Static Equilibrium (Crane Boom)

Objective:

To verify the condition for the static equilibrium of concurrent forces

Equipment:

A crane boom apparatus, two force gauges, a 1-kg weight, a gravity protractor, a few pieces of string, and a calculator

Theory:

The conditions for the static equilibrium of a beam are:

ΣFx = 0, ΣFy = 0, and ΣT = 0. ( The net torque about any point of the object (boom) must be equal to zero.)

For the equilibrium of forces that pass through the same point, ΣT = 0 is already satisfied.  This leaves only two conditions for the equilibrium of concurrent forces, simply

ΣFx = 0 and  ΣFy = 0.    (1)

In this experiment a crane boom may be set up as shown in Fig. 1,  below:

Fig. 1

Point A is the center of the hole in the ruler where the 3 forces w, T, and C pass through.  Angles θC and  θT may be measured by a gravity protractor and inserted into the equations.  To solve for the accepted values of T and C, Equations (1) may be applied according to the following figure.

ΣFx = 0 ;  C cosθC  - T cos θT  =  0

ΣFy = 0 ;  C sin θC  + T sin θT  =  w

 

 

Fig. 2

Procedure:

1) Gather the appropriate equipment as per equipment list.  For this experiment use force gauges that read in Newtons.

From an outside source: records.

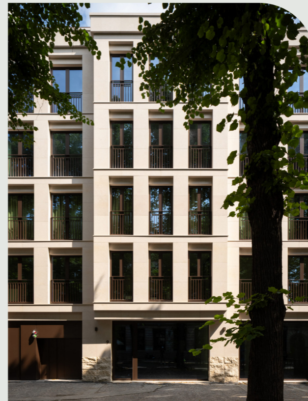
Graanmarkt, Antwerpen, 2023
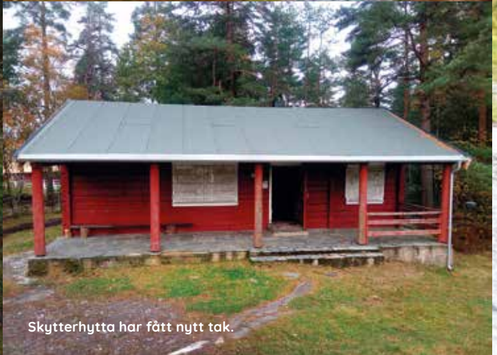
Skytterhytta har fått nytt tak.
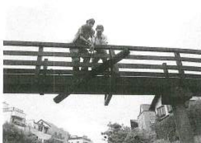
飯宿橋でゴミの引き上げ
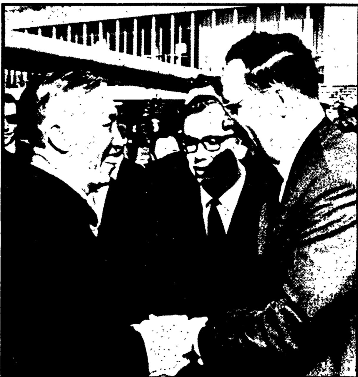
MOSCA - Le Duc Tho, inviato speciale della RDV ai colloqui di Parigi, alla sua partenza da Mosca. È a salutarlo il segretario del CC del PCUS Katushev (Telefoto TASS-Unità)

Ciò che è accaduto nel villaggio di Chanh-Luu - Gli USA continuano la «scalata» militare: violenta battaglia in corso presso Saigon - I B-52 bombardano sul confine con la Cambogia
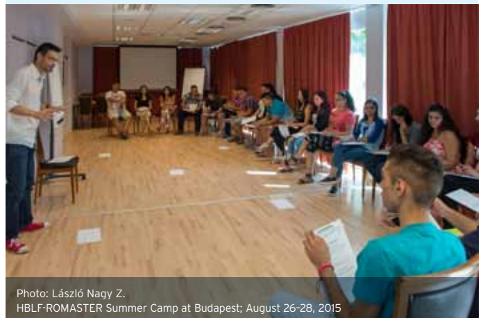
HBLF-ROMASTER Summer Camp at Budapest; August 26-28, 2015
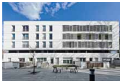
Opération Albert Londres : 40 logements sociaux livrés par Nantes Habitat en 2011
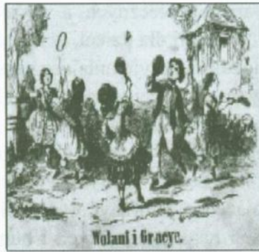
Wolani i Graeye.
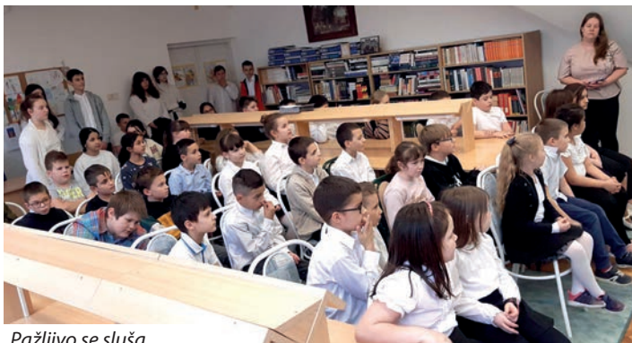
Pažljivo se sluša

2) set up the crane boom apparatus according to Figure 1.  Do not connect the 1-kg hanging weight to the boom yet.  The screw that connects the B-end ruler (boom) to the hinge axle (Fig. 1) must be below the ruler for the free rotation of the boom about that hinge.  If the screw is above the ruler, it will not allow the positioning of the boom an any desired angle.

3) Place one of the force gauges (No. 1 in the figure) between the top hinge and the top end of the ruler, end A.  This measures the tensile force (T) in the string.  Adjust or choose the length of the string short enough to have the A-end of the boom above its B-end according to Figure 1.  If the string is too long, and the A-end is either at or below the B-end, it will cause high tension in the string causing it to break.  For this reason the string that hangs the 1-kg weight from the boom at A must be long enough so that the hanging weight is not more than 2-3 inches above the floor.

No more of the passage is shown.